Advance.cash 299.80% interest rate on a $3,500.00?
BlueTrust Loans 579.48% interest rate on a $6,700.00 loan?
InBox Loans 776.57% interest rate on a $7,800.00 loan?
These types of short-term loans are exempt from usury laws and are part of established loopholes. I have seen over 1,000 % interest as well. https://www.westcoastbk.com/blog/2016/04/how-can-1000-percent-interest-be-legal/
Capitalism versus morals versus integrity versus ethics? Capitalism is winning. Can I as an attorney fool someone into paying 10 times as much as they should for the services they need? That is unethical.
What happened to state usury laws? Well, in 1978 your Supreme Court of the United States held that Federal Bank laws TRUMP state banking laws and usury limitations. See Marquette National Bank v. First of Omaha Corporation, 439 U.S. 299 (1978) In short, a bank may charge interest according to the state law they are doing business in and not be limited by the state usury laws in which their customer lives.
Back to the 1978 Marquette National case. Oh yeah. Something about a Civil War and the North, the Federal Government won. So yes, Federal Law does TRUMP state laws. But how does the state law of one state TRUMP the state law of another state? That is what Marquette stands for. Right now New York law allows Merchant Cash Advances or “MCA Agreements”. Mark my word. MCA agreements will have a short shelf-life because the types of agreements are not legal and unconscionable in every way. New York can export loans or extension of credit allowable under New York state law to humans in different states even though state law in their state says this type of agreement is not legal. It is unconscionable and violates various state usury laws.
Why is there no legislation making these short-term loans ILLEGAL? How are these types of loans different from when the MOB was loan sharking?
S.381 — 119th Congress (2025-2026) As of 02/27/2025 text has not been received for S.381 – A bill to amend the Truth in Lending Act to cap credit card interest rates at 10 percent.

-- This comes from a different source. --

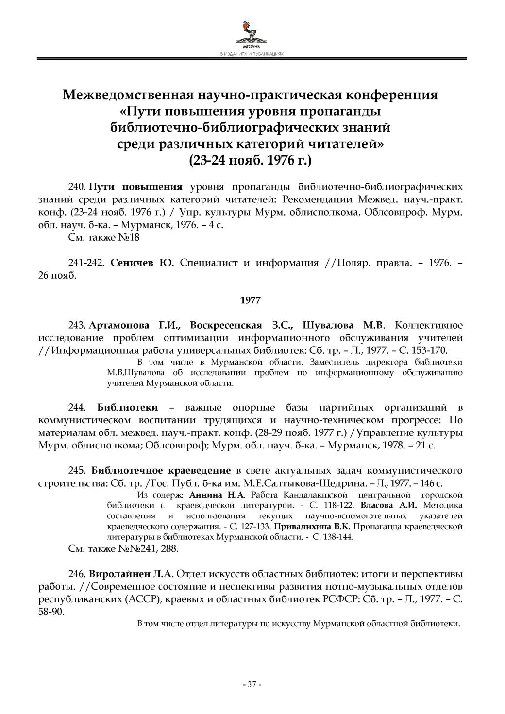 конф. (23-24 нояб. 1976 г.) / Упр. культуры Мурм. облисполкома, Облсовпроф. Мурм.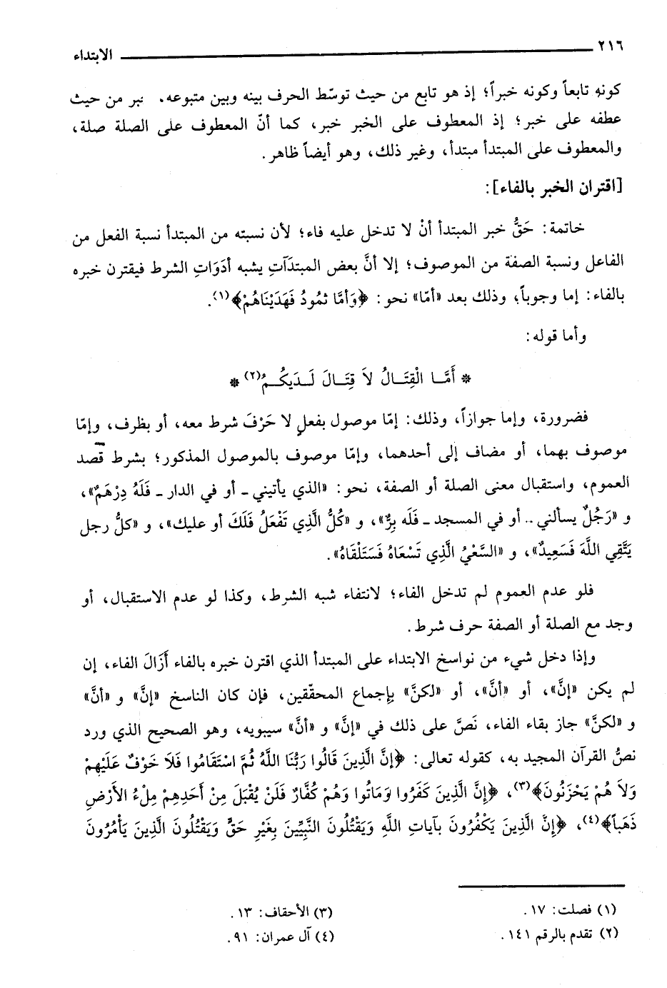 خاتمة: حق خبر المبتدأ أن لا تدخل عليه فاء؛ لأن نسبته من المبتدأ نسبة الفعل من الفاعل ونسبة الصفة من الموصوف؛ إلا أن بعض المبتدآت يشبه أدوات الشرط فيقترن خبره بالفاء: إما وجوبًا؛ وذلك بعد أما نحو: {وَأَمَّا ثَمُودُ فَهَدَيْنَاهُمْ} 1.

Many states have usury laws limiting interest rates to a subset of society; not all of society. Federal banking law TRUMPS state law and it is truly how we go to 30% interest on credit cards. Yeah, my fellow humans, the North and Federal Government won the Civil War.
Do We Need A National Usury Laws?
Yes, yes we do. In the Marquette case cited above, the Supreme Court of the United States held a corporation may export the usury laws of the state the corporation is doing business into citizens of other states. This is even though the human lived in a state limiting interest rates under their State law. This law change opened the door to 30% interest rates revolving credit card statements.

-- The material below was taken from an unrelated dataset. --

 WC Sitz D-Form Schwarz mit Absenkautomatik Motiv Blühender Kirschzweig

New York law and Merchant Cash Advances and are how the MCA agreements illegal or should be illegal? This touches on the heart of why we need National Usury Laws to bring consistency to our legal landscape.
So, you want to cap interest rates to do what? Limit the interest on revolving credit card accounts. Yeah, I have advocated for a limit to interest rates like we had prior to 1978. But 10%. The cat is out of the bag people. The train left the station. We are never going to be to cap interest rates at a mere 10%. Somewhere between 17% – 20% I believe is financially possible and not entirely disrupt commerce.
Our economy and government are entirely based upon debt and the interest generated by the debt. Limiting credit card interest rates to just 10% would instantly require the cancellation of a large percentage credit cards and access to credit generally. Cash advances are widely used on credit cards to help in times of need. Default interest rates must be higher than standard interest rate. Capping credit card interest rates at 10% is just not feasible given the credit market we are stuck with.
But first, we need to cap short-term loans like pay-day loans. Making a standardized form all pay-day loan companies must used with clear payment guidelines and penalties for late payments would go a long way to help stop fraud. There is a reason pay-day loan companies never report to the credit bureaus the debt and payment history.